Confirm it’s actually down.
Before anything else: down, or down for you? Put the URL into downforeveryoneorjustme.com or any “is it up” checker. Then try it from your phone on mobile data — not your wifi — and in a private browser window.
If it loads for the checker, the problem is on your side: local DNS, the office network, a VPN, a stale cache. Annoying, but invisible to your visitors — the emergency just became a nuisance. If the checker agrees it’s down, keep going.
Check the boring externals.
The most embarrassing outages have nothing to do with WordPress. Three quick lookups before touching any code:
- 01Domain expiry. Run a whois lookup on your domain. An expired domain is the most total outage there is, and the renewal warnings went to an inbox nobody reads.
- 02SSL certificate. If browsers show a security warning instead of an error page, your certificate has expired. Most hosting panels reissue one in minutes.
- 03Hosting status page and DNS. Check your host’s status page — if they’re having an incident, that’s your answer; skip to step six. And if anyone touched DNS in the last 48 hours, that change is your prime suspect.
Read the error like a map.
Whatever the browser shows you narrows the search enormously. Match the symptom:
| what you see | usually means | first move |
|---|---|---|
| White screen, nothing at all | Fatal PHP error — usually a plugin or the theme | Check email for the WordPress recovery link, then step 4 |
| 500 Internal Server Error | Server-side error — often a plugin or a broken .htaccess | Step 4; renaming .htaccess over SFTP is a fair second test |
| 502 / 503 / 504 | The server behind the site is overloaded or down | Usually the host's side — status page, then step 6 |
| Error establishing a database connection | Database credentials wrong or the database server is down | If you changed nothing, it's the host's — step 6 |
| Browser security warning | Expired or misconfigured SSL certificate | Reissue from the hosting panel (step 2) |
One shortcut worth knowing: since WordPress 5.2, many fatal errors email the site’s admin address a recovery-mode link. Search your inbox for “Your Site is Experiencing a Technical Issue” — that email names the exact plugin or theme at fault, which is the fastest diagnosis you will get today.
Ask the only question that matters: what changed?
Sites rarely fall over spontaneously. Did a plugin auto-update overnight? Did someone install something yesterday? Edit the theme? In our rescue work, the last change is the culprit in most self-inflicted outages — and updates are the most common last change.
If wp-admin is unreachable, you can still disable the suspect without touching the database, using the rename trick. Carefully:
- 01Connect to your server with SFTP or your host’s file manager and open wp-content/plugins/.
- 02Rename the suspect plugin’s folder — say, from woo-addon to woo-addon.off. Renaming the folder deactivates that one plugin. Nothing is deleted; nothing touches the database.
- 03Reload the site. If it comes back, you have your culprit: leave it off, and either roll it back to the previous version or contact its developer.
- 04No obvious suspect? Rename the whole plugins folder to plugins.off. If the site returns, rename it back — WordPress will have deactivated everything — then reactivate plugins one at a time in wp-admin until the site breaks again. The last one you touched is the offender.
- 05Theme suspected? The same rename trick in wp-content/themes forces WordPress to fall back to a default theme, if one is installed.

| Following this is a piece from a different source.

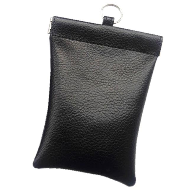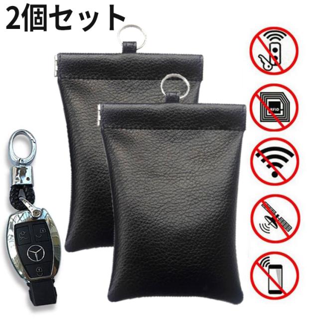 スマートキー リレーアタック リレーアタック対策 電波遮断ポーチ パカっと開く 本革 ブラック 【2個セット】
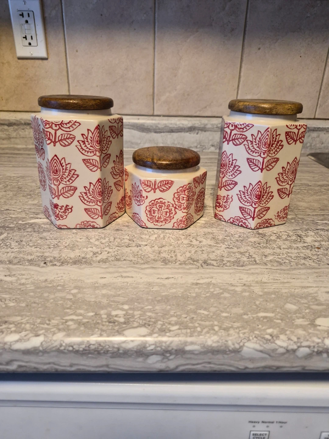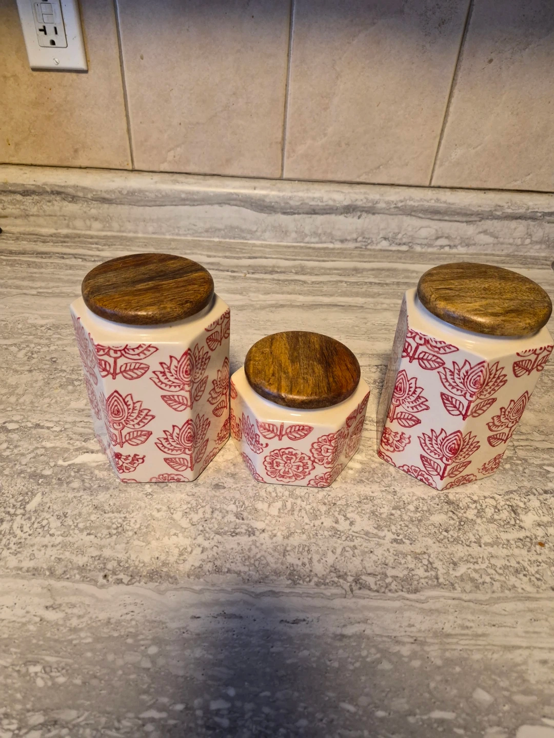 A set of three ceramic storage canisters, each featuring a red floral pattern and a rustic wooden lid. These jars are perfect for storing kitchen staples like flour, sugar, or coffee beans. The different sizes offer versatile storage options for your pantry.

Restore from backup — if you trust it.
If nothing above worked, or the site is visibly damaged — defaced, malware warnings, database errors that survive a host reboot — restoring the most recent clean backup is usually the fastest route back. One click on managed setups; a files-plus-database import elsewhere.
Two catches. First, everything since that backup — orders, form entries, edits — disappears unless you deliberately merge it back; know what you’re giving up before you click. Second, the big one: a restore is only as good as the backup behind it, and mid-outage is the worst possible moment to discover yours has been quietly broken for months. Whether you can trust a backup you’ve never tested is the entire subject of our backup strategy guide. Read it on a calmer day than this one.
Your problem, or the host’s?
Call the host when the evidence points below your site: their status page shows an incident, the error is a 502/503/504, the database server is unreachable and you changed nothing, or SFTP itself won’t connect. Open the ticket with what you’ve ruled out — “not the domain, not the SSL, all plugins disabled” — and you skip the first forty minutes of script.
It’s on you (or whoever maintains the site) when the timeline says update, install or edit. The host will confirm the server is healthy, and they’ll be right. That’s not a dead end — it’s a diagnosis: back to step four, or hand it to someone who does this every day.
Make the next one quieter.
Two habits turn outages from crises into blips. First, monitoring that tells you before a customer does: one-minute uptime checks mean you hear about a 4am outage at 4:01, not in a 9am email — our Extended plan checks every minute with instant alerts, and every plan at least every five.
Second, remove the most common cause: updates with a restore point, before/after screenshots and automatic rollback catch the regression before it becomes the outage. Between those two habits sits most of the difference between sites that go down monthly and sites that don’t.